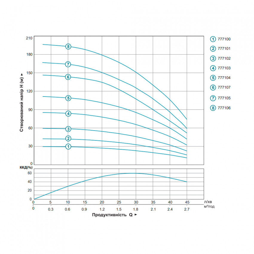 Насос відцентровий свердловинний 1.5кВт H 197(151)м Q 45(30)л/хв Ø80мм AQUATICA (DONGYIN) (777106) Насоси серії установка кожуха охолодження), для перекачування води в резервуари, для зрошувальних систем, для автоматичної подачі води разом із невеликими резервуарами під час використання керуючої автоматики (керуючі реле, контролери тиску). Насосна частина: Корпус насосної частини: нержавіюча сталь AISI 304; Вихідний фланець: латунь; Вал насосної частини: нержавіюча сталь AISI 304; Муфта валу: нержавіюча сталь AISI 304; Робоче колесо: технополімер; Шайба фасонна роздільна: технополімер; Дифузор: технополімер. Електродвигун: Тип двигуна: асинхронний, маслонаповнений, з вбудованим в обмотку термозахистом; Обмотка статора: мідь; Корпус електродвигуна: нержавіюча сталь AISI 304; Вал двигуна: нержавіюча сталь; Механічне ущільнення: кераміка/графіт; Підшипник: кочення (C
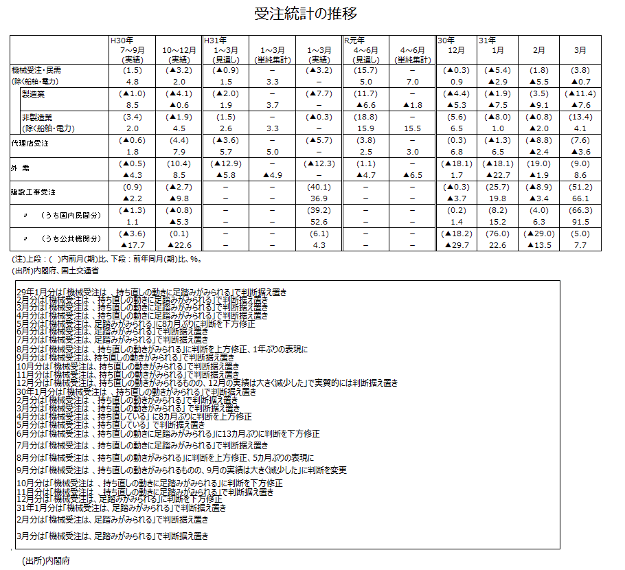 2019年3月分機械受注
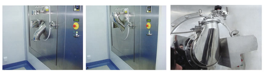 本產品對膠塞、鋁蓋處理(lǐ)工藝主要采用先進的真空吸料、蒸汽滅菌、真空幹燥等工序。膠塞、鋁蓋從自動吸料、強力噴淋、慢速翻滾、超聲波 等多項(xiàng)技術作(zuò)用下洗(xǐ)滌、矽化、蒸汽滅菌、真空幹(gàn)燥(zào)、熱風再熱抽真空幹燥,至自動出料,全在一機內PLC程控器控製下全(quán)自(zì)動操作完成, 無中間轉(zhuǎn)序,不產生交叉汙染,同時本(běn)機對各工序的運作狀態,能在顯示屏上動態(tài)顯示,直觀了解機(jī)組運行情況和自動(dòng)記錄(lù)各項運動參數。

WORK ITEM: Only the pictures stay out; everything else in the listing above must be repeated exactly.

WRITTEN RESPONSE:
 Насос відцентровий свердловинний 1.5кВт H 197(151)м Q 45(30)л/хв Ø80мм AQUATICA (DONGYIN) (777106) Насоси серії установка кожуха охолодження), для перекачування води в резервуари, для зрошувальних систем, для автоматичної подачі води разом із невеликими резервуарами під час використання керуючої автоматики (керуючі реле, контролери тиску). Насосна частина: Корпус насосної частини: нержавіюча сталь AISI 304; Вихідний фланець: латунь; Вал насосної частини: нержавіюча сталь AISI 304; Муфта валу: нержавіюча сталь AISI 304; Робоче колесо: технополімер; Шайба фасонна роздільна: технополімер; Дифузор: технополімер. Електродвигун: Тип двигуна: асинхронний, маслонаповнений, з вбудованим в обмотку термозахистом; Обмотка статора: мідь; Корпус електродвигуна: нержавіюча сталь AISI 304; Вал двигуна: нержавіюча сталь; Механічне ущільнення: кераміка/графіт; Підшипник: кочення (C
 2019年3月分機械受注
 本產品對膠塞、鋁蓋處理(lǐ)工藝主要采用先進的真空吸料、蒸汽滅菌、真空幹燥等工序。膠塞、鋁蓋從自動吸料、強力噴淋、慢速翻滾、超聲波 等多項(xiàng)技術作(zuò)用下洗(xǐ)滌、矽化、蒸汽滅菌、真空幹(gàn)燥(zào)、熱風再熱抽真空幹燥,至自動出料,全在一機內PLC程控器控製下全(quán)自(zì)動操作完成, 無中間轉(zhuǎn)序,不產生交叉汙染,同時本(běn)機對各工序的運作狀態,能在顯示屏上動態(tài)顯示,直觀了解機(jī)組運行情況和自動(dòng)記錄(lù)各項運動參數。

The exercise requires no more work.